How to complete this task » Without the images, print every line of the material below exactly as given.

Information shown »
——————————

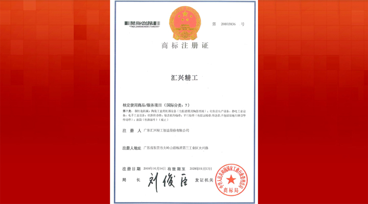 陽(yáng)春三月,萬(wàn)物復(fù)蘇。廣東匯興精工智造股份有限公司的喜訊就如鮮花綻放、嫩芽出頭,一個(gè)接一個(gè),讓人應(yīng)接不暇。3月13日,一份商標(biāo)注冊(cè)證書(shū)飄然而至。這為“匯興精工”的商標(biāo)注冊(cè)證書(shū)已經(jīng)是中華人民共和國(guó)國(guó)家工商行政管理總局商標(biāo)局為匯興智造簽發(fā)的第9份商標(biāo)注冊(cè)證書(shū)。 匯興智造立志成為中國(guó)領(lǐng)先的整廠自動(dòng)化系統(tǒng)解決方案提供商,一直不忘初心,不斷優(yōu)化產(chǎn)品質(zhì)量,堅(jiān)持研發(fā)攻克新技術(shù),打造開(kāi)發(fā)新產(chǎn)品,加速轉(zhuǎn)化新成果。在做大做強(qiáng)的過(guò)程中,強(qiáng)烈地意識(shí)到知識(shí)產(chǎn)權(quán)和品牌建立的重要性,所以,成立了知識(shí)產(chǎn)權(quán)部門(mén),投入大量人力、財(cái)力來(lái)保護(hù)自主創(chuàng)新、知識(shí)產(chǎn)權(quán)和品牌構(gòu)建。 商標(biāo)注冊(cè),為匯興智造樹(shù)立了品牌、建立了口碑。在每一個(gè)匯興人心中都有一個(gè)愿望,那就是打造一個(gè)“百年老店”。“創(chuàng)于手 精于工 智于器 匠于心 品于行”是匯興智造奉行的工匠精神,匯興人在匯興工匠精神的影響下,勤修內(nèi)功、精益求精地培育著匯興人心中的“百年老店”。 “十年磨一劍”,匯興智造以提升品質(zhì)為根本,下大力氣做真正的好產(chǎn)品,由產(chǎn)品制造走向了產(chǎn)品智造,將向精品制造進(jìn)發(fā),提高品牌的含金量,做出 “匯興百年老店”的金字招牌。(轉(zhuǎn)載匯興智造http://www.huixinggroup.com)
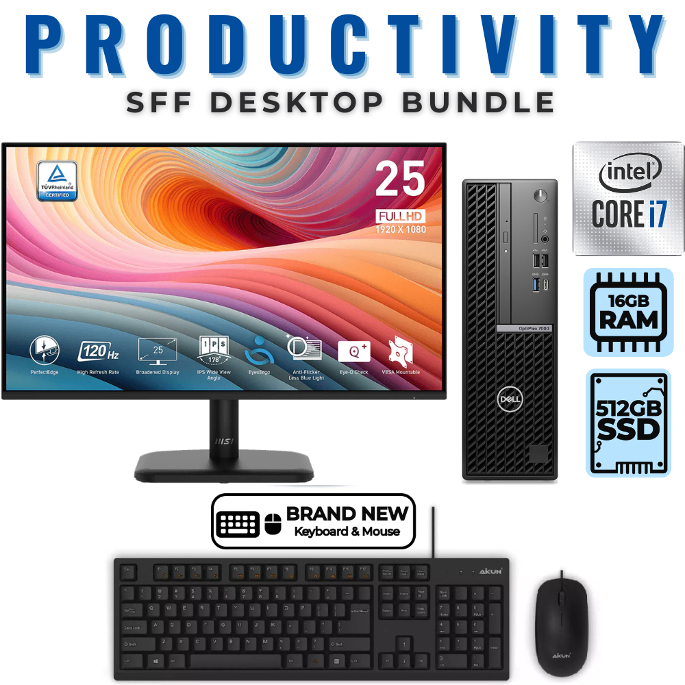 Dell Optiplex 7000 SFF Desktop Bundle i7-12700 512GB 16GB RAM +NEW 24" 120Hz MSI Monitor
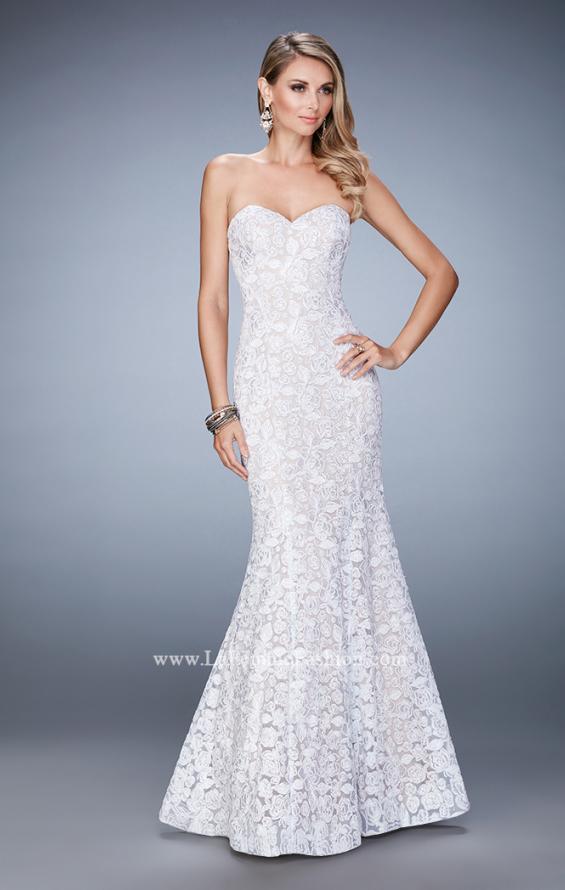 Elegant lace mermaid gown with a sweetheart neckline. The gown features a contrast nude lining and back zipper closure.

——————————

Solution for this task »
 陽(yáng)春三月,萬(wàn)物復(fù)蘇。廣東匯興精工智造股份有限公司的喜訊就如鮮花綻放、嫩芽出頭,一個(gè)接一個(gè),讓人應(yīng)接不暇。3月13日,一份商標(biāo)注冊(cè)證書(shū)飄然而至。這為“匯興精工”的商標(biāo)注冊(cè)證書(shū)已經(jīng)是中華人民共和國(guó)國(guó)家工商行政管理總局商標(biāo)局為匯興智造簽發(fā)的第9份商標(biāo)注冊(cè)證書(shū)。 匯興智造立志成為中國(guó)領(lǐng)先的整廠自動(dòng)化系統(tǒng)解決方案提供商,一直不忘初心,不斷優(yōu)化產(chǎn)品質(zhì)量,堅(jiān)持研發(fā)攻克新技術(shù),打造開(kāi)發(fā)新產(chǎn)品,加速轉(zhuǎn)化新成果。在做大做強(qiáng)的過(guò)程中,強(qiáng)烈地意識(shí)到知識(shí)產(chǎn)權(quán)和品牌建立的重要性,所以,成立了知識(shí)產(chǎn)權(quán)部門(mén),投入大量人力、財(cái)力來(lái)保護(hù)自主創(chuàng)新、知識(shí)產(chǎn)權(quán)和品牌構(gòu)建。 商標(biāo)注冊(cè),為匯興智造樹(shù)立了品牌、建立了口碑。在每一個(gè)匯興人心中都有一個(gè)愿望,那就是打造一個(gè)“百年老店”。“創(chuàng)于手 精于工 智于器 匠于心 品于行”是匯興智造奉行的工匠精神,匯興人在匯興工匠精神的影響下,勤修內(nèi)功、精益求精地培育著匯興人心中的“百年老店”。 “十年磨一劍”,匯興智造以提升品質(zhì)為根本,下大力氣做真正的好產(chǎn)品,由產(chǎn)品制造走向了產(chǎn)品智造,將向精品制造進(jìn)發(fā),提高品牌的含金量,做出 “匯興百年老店”的金字招牌。(轉(zhuǎn)載匯興智造http://www.huixinggroup.com)
 Dell Optiplex 7000 SFF Desktop Bundle i7-12700 512GB 16GB RAM +NEW 24" 120Hz MSI Monitor
 Elegant lace mermaid gown with a sweetheart neckline. The gown features a contrast nude lining and back zipper closure.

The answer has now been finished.